The short answer to how has it been on the journey is, it’s been amazing in every way I could be amazed. It’s been wonderful.
The long answer is, I’ve mostly led an exceedingly ordinary life but always searching for more. Knowing there must be more than the materialist principles that were taught to me, knowing there must be more than what my religion of origin could explain to me. Finding you and this opened an entirely new dimension for me and without discovering it, at the risk of being dramatic, I don’t know if I would be alive at least on some level. This has saved me physically more times than I can count, and emotionally as well.
There are so many times where I feel like I’m being steadied now. Held in the palm of a hand. It’s hard to find that from the people around you because they need steadying themselves. Thanks to finding this world I feel I can steady others in some ways I couldn’t before.
I would like to say my intuition has become much more. I believe it has. I also think I have become a much more peaceful person.
I’m working on my level of awareness. That’s improved as well. But if you remember when I found this a few years ago, I was pretty…rock bottom in a lot of ways. On the outside I looked totally normal, but inside I was a mess in a lot of ways. Although I’ve improved a great deal, I’m still dealing in the normal. But you know, the normal has become very enhanced. You talked to me three years ago about a backyard, and I’d say, yeah ok we’re in a backyard. Do you have any bug spray? Now, I’d say, yeah we’re in a backyard. Let’s listen to the sounds of the birds and the buzzing of the insects. Are you seeing the color out here? Do you feel the peace? Also do you have any bug spray?
I feel like I can help others more now. If someone had a problem before I’d have to be like oh yeah that sucks.
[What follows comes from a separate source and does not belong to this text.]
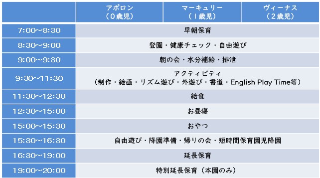※上記は標準的なスケジュールです。その日の職員の配置等により時間が変わる場合があります。

Let’s google it or let’s see if we can find an herb for it. Now I have an entire library with which to help them. Sometimes solving a little problem for someone makes all the difference in their lives.
I used to hold a lot more grudges, and beat myself
up much harder. My internal dialogue toward others and myself is much more kind now. Am I supportive of everything? No. But I ask more questions of myself and I try to give others the benefit of the doubt before rushing to judgment. I didn’t really do that before. I didn’t have the patience. I have some more patience.
So, thanks to all this I get to be 2.0 instead of 1.0. Or half.0. Working on 3.0. I think the Claircognizance will improve. I think I’ve gotten in the way of that because sometimes you just don’t want to know. You know? But fears can be silly, because we’re floating on a ball through space it’s already terrifying. Might as well go nuts. So thank you so much for everything. As always. I’ll always remember all of this and I’ll always be grateful, and should I live long enough to know somebody who could be considered a grandchild I will certainly tell them about this, if they don’t know already.